**What you need to do:**
Retype only the lines below from the one with "Кольцо с чистейшим" to the one with "OUTER SINK DIMENSIONS: 32", inclusive, skipping every image.

**Information:**

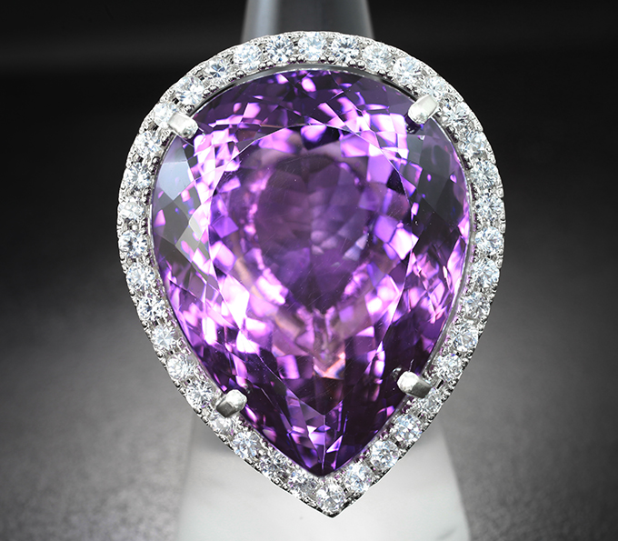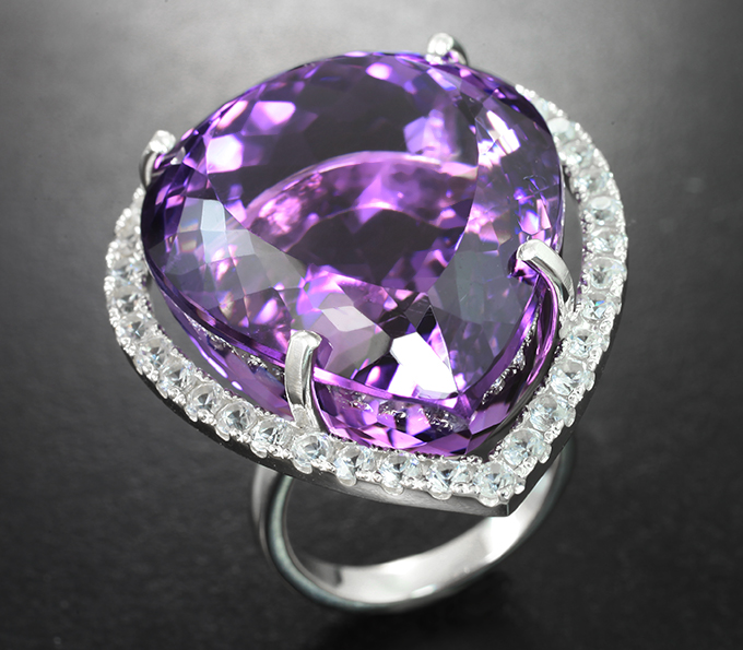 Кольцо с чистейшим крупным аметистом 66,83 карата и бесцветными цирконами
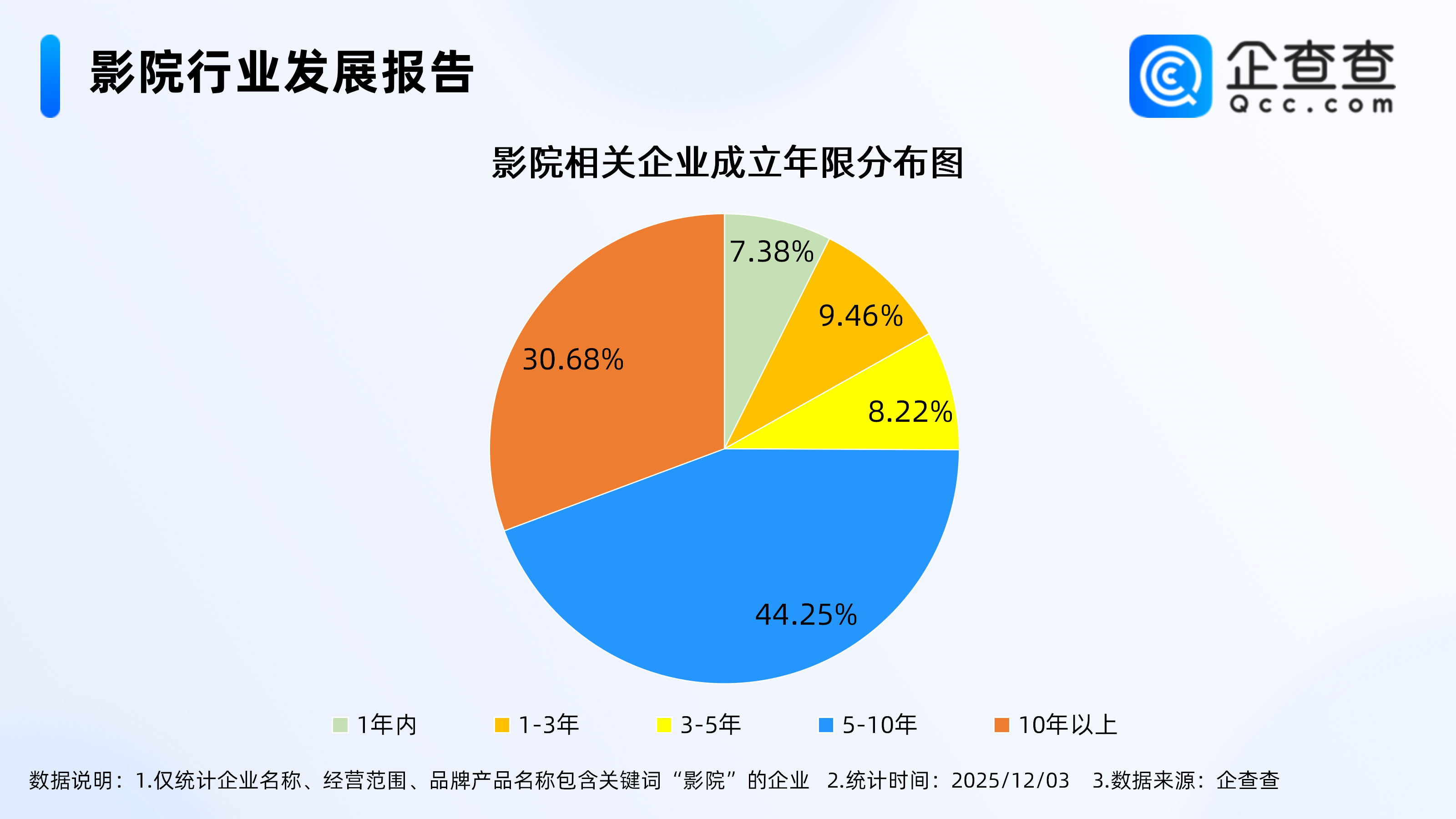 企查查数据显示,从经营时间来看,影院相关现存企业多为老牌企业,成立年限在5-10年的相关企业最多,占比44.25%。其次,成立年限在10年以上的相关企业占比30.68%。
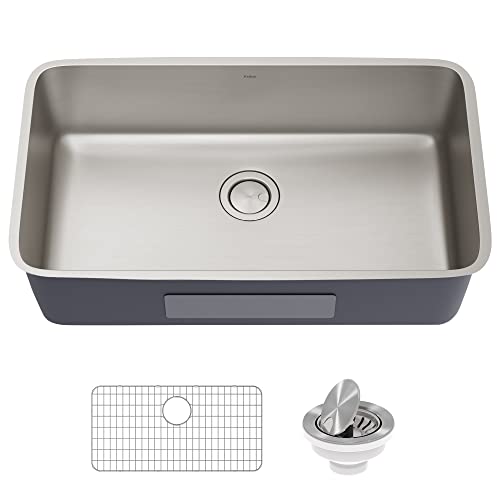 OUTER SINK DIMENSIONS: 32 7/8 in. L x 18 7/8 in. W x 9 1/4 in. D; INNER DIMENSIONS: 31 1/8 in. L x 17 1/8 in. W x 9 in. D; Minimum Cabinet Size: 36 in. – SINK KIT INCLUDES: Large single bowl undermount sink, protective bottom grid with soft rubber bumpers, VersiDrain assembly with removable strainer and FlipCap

...

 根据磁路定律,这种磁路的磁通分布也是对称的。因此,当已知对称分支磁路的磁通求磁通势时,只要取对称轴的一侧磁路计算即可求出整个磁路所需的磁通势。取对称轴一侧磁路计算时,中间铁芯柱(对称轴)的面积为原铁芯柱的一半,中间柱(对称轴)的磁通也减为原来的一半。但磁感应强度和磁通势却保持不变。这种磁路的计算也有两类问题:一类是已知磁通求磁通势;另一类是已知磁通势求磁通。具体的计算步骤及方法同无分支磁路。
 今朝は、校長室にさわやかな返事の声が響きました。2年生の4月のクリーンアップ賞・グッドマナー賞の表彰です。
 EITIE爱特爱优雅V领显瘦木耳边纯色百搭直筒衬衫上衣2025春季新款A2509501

**Exercise answer:**
 Кольцо с чистейшим крупным аметистом 66,83 карата и бесцветными цирконами
 企查查数据显示,从经营时间来看,影院相关现存企业多为老牌企业,成立年限在5-10年的相关企业最多,占比44.25%。其次,成立年限在10年以上的相关企业占比30.68%。
 OUTER SINK DIMENSIONS: 32 7/8 in. L x 18 7/8 in. W x 9 1/4 in. D; INNER DIMENSIONS: 31 1/8 in. L x 17 1/8 in. W x 9 in. D; Minimum Cabinet Size: 36 in. – SINK KIT INCLUDES: Large single bowl undermount sink, protective bottom grid with soft rubber bumpers, VersiDrain assembly with removable strainer and FlipCap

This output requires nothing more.